___ Records for this exercise

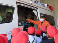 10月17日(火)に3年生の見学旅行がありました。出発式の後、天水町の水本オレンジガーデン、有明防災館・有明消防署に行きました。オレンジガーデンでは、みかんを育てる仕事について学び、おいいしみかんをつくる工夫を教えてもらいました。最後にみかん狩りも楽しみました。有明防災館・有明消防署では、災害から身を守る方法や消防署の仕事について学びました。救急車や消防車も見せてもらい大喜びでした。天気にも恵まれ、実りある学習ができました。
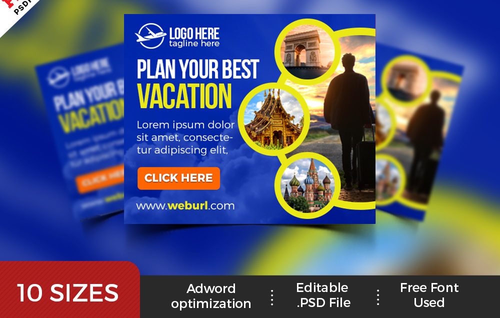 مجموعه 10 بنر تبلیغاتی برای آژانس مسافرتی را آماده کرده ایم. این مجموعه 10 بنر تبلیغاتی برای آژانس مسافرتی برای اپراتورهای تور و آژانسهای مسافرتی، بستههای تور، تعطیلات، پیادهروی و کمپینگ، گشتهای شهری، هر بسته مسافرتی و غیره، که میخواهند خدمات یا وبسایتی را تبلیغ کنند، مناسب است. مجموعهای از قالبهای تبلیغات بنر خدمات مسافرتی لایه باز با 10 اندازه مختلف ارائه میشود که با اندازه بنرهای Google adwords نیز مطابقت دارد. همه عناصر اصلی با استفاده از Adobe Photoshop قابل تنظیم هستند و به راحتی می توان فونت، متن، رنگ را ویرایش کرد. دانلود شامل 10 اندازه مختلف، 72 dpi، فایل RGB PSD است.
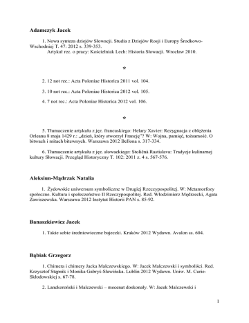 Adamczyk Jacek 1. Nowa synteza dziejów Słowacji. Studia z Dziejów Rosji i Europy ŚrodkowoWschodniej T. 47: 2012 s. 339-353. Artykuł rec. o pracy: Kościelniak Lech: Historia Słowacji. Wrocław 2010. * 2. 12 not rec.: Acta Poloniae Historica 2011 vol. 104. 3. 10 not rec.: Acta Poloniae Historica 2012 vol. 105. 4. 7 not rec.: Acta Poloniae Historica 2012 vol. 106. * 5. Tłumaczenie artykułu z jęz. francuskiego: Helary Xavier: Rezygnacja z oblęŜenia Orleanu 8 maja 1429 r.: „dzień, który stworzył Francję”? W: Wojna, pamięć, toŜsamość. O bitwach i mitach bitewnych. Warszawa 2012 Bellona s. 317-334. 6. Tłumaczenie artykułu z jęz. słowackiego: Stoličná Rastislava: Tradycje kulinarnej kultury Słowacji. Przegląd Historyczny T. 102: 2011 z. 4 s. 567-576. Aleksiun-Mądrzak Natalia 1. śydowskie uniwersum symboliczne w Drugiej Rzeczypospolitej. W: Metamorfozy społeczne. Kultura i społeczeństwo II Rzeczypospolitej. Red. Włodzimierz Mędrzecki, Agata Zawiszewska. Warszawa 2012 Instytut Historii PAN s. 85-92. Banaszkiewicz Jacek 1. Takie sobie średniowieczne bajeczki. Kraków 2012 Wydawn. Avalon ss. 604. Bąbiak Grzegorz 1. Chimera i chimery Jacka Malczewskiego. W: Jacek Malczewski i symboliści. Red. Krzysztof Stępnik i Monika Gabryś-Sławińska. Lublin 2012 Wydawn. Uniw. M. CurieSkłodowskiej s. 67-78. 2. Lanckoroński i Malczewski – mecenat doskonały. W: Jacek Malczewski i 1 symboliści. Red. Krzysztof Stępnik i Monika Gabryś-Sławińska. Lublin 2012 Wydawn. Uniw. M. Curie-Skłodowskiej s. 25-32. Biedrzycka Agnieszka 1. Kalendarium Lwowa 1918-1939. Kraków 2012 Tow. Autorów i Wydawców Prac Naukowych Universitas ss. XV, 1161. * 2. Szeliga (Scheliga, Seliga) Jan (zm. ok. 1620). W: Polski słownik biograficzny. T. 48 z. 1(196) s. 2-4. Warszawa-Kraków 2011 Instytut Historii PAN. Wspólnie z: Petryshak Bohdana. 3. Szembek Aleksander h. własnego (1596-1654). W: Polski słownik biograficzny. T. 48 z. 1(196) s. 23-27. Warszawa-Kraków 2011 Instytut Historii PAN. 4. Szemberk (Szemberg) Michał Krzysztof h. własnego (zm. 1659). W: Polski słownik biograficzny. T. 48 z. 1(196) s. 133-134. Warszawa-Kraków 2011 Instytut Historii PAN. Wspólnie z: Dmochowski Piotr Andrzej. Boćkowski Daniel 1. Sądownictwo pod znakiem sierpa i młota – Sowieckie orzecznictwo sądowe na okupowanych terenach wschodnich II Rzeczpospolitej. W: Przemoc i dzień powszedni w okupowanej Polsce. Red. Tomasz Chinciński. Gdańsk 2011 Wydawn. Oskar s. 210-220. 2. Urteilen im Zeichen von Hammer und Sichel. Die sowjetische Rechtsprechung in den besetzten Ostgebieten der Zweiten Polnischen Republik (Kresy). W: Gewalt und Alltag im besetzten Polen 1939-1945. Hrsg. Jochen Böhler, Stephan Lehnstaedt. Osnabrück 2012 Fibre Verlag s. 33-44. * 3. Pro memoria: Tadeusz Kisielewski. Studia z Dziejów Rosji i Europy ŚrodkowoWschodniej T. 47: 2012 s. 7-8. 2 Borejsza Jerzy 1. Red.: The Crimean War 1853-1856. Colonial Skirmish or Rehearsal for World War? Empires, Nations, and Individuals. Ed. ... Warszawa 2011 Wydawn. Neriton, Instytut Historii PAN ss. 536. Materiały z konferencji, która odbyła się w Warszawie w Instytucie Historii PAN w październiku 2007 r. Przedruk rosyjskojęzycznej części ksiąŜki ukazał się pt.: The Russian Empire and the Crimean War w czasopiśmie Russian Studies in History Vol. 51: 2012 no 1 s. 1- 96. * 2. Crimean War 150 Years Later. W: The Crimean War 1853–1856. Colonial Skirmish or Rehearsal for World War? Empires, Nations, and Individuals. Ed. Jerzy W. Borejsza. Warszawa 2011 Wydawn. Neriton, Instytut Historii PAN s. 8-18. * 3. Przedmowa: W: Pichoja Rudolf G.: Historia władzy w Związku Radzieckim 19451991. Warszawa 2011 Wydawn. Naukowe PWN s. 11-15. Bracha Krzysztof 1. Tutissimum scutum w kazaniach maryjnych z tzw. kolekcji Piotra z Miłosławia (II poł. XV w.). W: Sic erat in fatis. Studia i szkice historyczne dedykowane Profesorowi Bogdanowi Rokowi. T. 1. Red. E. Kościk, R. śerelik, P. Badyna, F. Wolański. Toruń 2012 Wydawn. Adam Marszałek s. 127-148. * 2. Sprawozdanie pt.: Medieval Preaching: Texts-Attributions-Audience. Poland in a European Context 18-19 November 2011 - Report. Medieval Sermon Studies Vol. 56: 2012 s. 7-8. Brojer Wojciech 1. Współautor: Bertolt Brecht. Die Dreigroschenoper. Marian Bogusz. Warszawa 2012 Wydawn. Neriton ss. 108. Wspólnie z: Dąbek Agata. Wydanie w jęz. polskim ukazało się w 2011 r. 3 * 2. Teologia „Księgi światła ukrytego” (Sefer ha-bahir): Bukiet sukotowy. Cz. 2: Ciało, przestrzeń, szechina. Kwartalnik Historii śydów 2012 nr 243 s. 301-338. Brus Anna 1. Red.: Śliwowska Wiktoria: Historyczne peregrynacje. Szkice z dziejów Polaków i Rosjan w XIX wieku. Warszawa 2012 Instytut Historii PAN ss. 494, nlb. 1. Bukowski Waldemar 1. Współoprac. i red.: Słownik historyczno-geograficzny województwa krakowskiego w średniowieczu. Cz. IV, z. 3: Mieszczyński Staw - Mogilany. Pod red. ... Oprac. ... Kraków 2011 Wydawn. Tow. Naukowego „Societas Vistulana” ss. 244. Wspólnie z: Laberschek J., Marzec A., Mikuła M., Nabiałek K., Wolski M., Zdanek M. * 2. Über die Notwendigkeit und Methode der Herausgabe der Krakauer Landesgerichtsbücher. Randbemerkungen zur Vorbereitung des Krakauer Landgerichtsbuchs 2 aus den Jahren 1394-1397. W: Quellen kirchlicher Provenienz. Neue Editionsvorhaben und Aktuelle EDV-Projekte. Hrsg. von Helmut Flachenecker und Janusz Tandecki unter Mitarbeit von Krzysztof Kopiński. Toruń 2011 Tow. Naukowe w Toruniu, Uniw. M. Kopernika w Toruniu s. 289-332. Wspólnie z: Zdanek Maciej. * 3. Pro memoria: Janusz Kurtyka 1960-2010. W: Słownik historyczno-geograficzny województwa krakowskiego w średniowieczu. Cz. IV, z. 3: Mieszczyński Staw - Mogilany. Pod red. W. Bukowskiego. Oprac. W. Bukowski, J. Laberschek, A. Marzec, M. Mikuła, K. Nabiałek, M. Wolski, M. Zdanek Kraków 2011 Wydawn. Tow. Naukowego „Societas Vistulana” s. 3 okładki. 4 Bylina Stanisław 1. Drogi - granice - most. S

______
___ Records for this exercise

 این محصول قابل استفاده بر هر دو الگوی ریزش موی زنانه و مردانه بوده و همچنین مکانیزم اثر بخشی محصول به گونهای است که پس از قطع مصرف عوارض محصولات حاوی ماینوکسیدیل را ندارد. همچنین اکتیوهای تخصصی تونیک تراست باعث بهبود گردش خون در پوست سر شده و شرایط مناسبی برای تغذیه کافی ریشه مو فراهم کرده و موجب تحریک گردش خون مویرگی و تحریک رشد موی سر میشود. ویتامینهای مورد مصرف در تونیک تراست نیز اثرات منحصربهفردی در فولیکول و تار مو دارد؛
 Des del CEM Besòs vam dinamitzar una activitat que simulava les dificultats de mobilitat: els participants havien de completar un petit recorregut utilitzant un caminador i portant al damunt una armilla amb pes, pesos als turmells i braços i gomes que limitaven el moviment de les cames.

______

• Your goal:
Transcribe, exactly and without pictures, everything in the data from the line with "10月17日(火)に3年生の" down to the line with "مجموعه 10 بنر تبلیغاتی برای آژانس مسافرتی را", both included.

• Answer:
 10月17日(火)に3年生の見学旅行がありました。出発式の後、天水町の水本オレンジガーデン、有明防災館・有明消防署に行きました。オレンジガーデンでは、みかんを育てる仕事について学び、おいいしみかんをつくる工夫を教えてもらいました。最後にみかん狩りも楽しみました。有明防災館・有明消防署では、災害から身を守る方法や消防署の仕事について学びました。救急車や消防車も見せてもらい大喜びでした。天気にも恵まれ、実りある学習ができました。
 مجموعه 10 بنر تبلیغاتی برای آژانس مسافرتی را آماده کرده ایم. این مجموعه 10 بنر تبلیغاتی برای آژانس مسافرتی برای اپراتورهای تور و آژانسهای مسافرتی، بستههای تور، تعطیلات، پیادهروی و کمپینگ، گشتهای شهری، هر بسته مسافرتی و غیره، که میخواهند خدمات یا وبسایتی را تبلیغ کنند، مناسب است. مجموعهای از قالبهای تبلیغات بنر خدمات مسافرتی لایه باز با 10 اندازه مختلف ارائه میشود که با اندازه بنرهای Google adwords نیز مطابقت دارد. همه عناصر اصلی با استفاده از Adobe Photoshop قابل تنظیم هستند و به راحتی می توان فونت، متن، رنگ را ویرایش کرد. دانلود شامل 10 اندازه مختلف، 72 dpi، فایل RGB PSD است.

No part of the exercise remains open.